> Collected material:
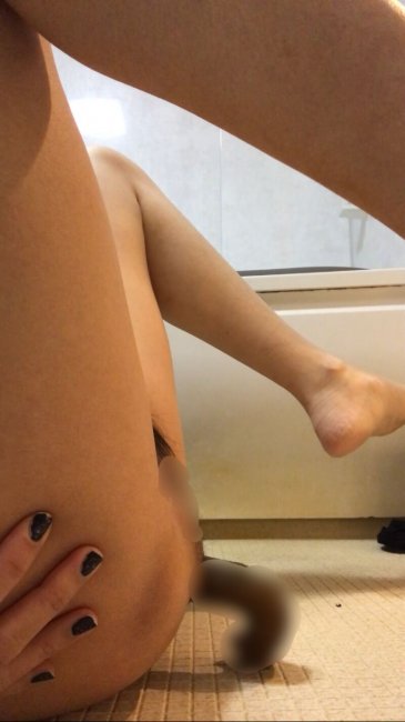 黒いキャミソールで前向きM字開脚で自宅のお風呂場でうんち排泄しているところの動画です♡
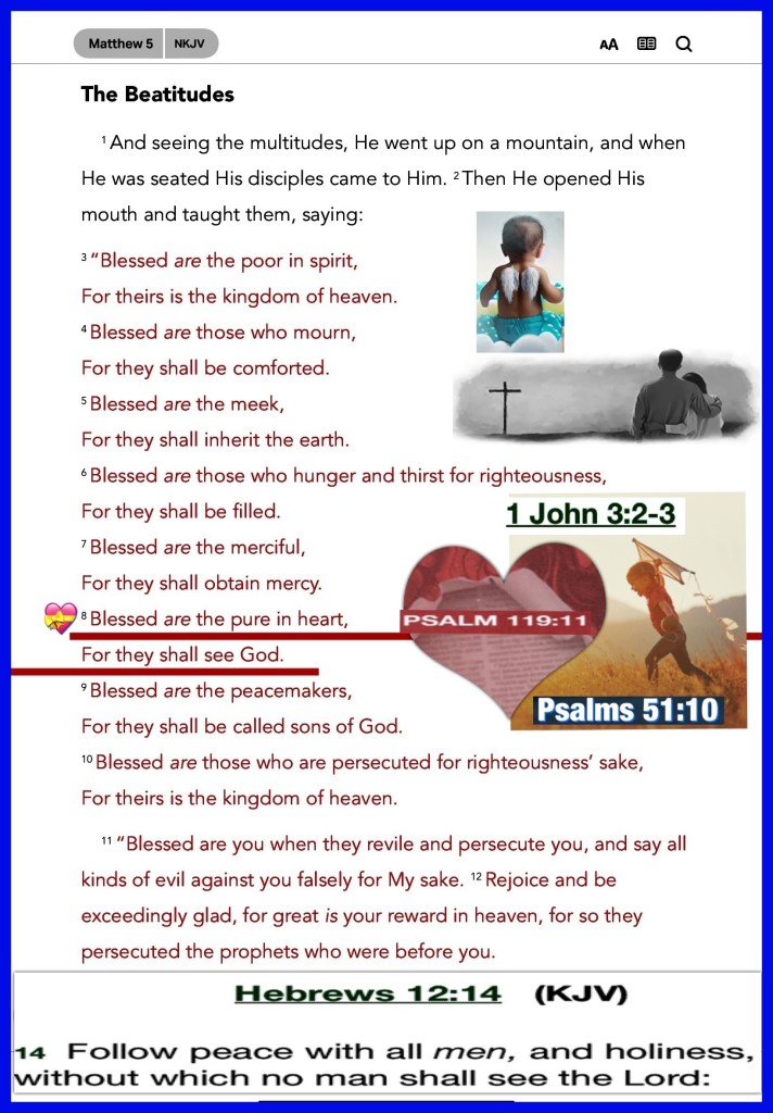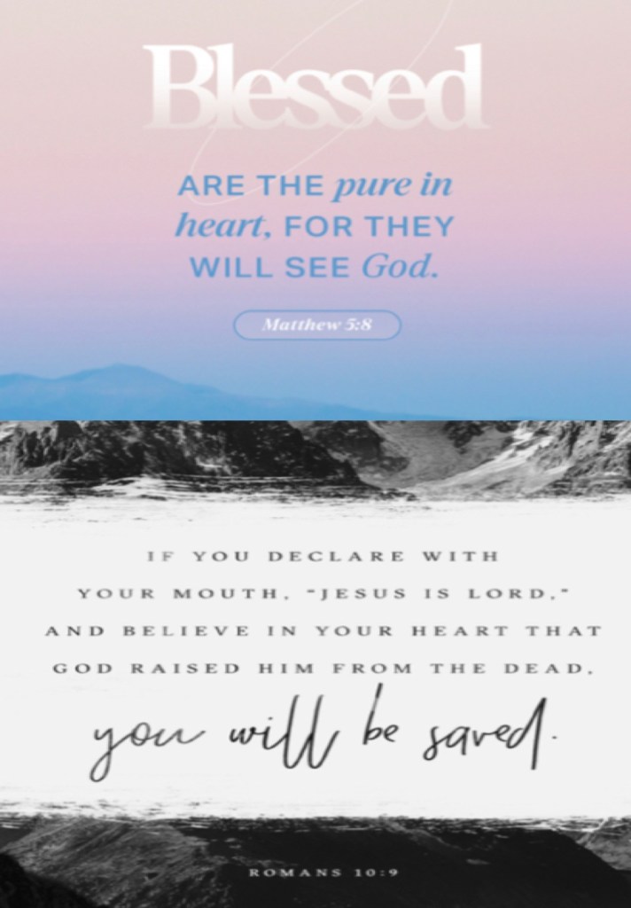 “Blessed are the pure in heart, For they shall see God.” Matthew 5:8 “that if you confess with your mouth the Lord Jesus and believe in your heart that God has raised Him from the dead, you will be saved.” Romans 10:9
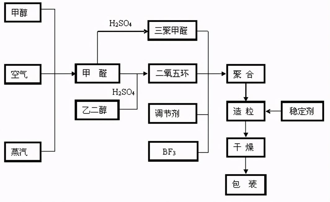 均聚甲醛以三聚甲醛为原料,在石油醚、环己烷、苯等惰性溶剂中进行溶液聚合而成,重复单元为-CH2O-。
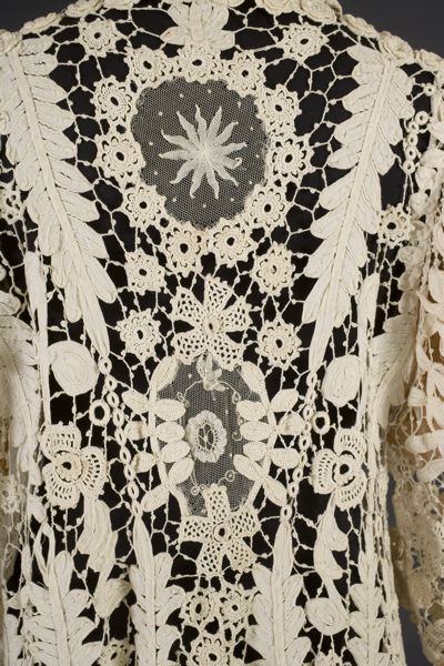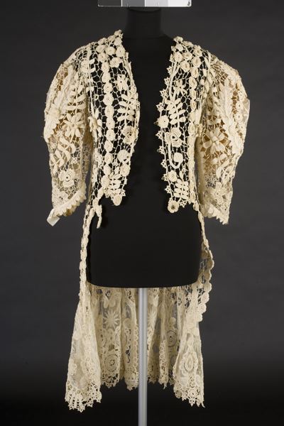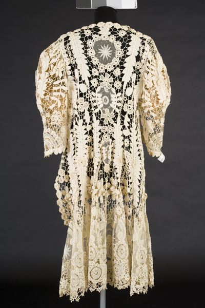 Överklädsel, kappa av spetssöm av vitt bomullsgarn med virkade motiv

> Problem statement: Only the lines from the top of the material through the line containing "均聚甲醛以三聚甲醛为原料,在" should be written out, exactly and without pictures.

> Task output:
 黒いキャミソールで前向きM字開脚で自宅のお風呂場でうんち排泄しているところの動画です♡
 “Blessed are the pure in heart, For they shall see God.” Matthew 5:8 “that if you confess with your mouth the Lord Jesus and believe in your heart that God has raised Him from the dead, you will be saved.” Romans 10:9
 均聚甲醛以三聚甲醛为原料,在石油醚、环己烷、苯等惰性溶剂中进行溶液聚合而成,重复单元为-CH2O-。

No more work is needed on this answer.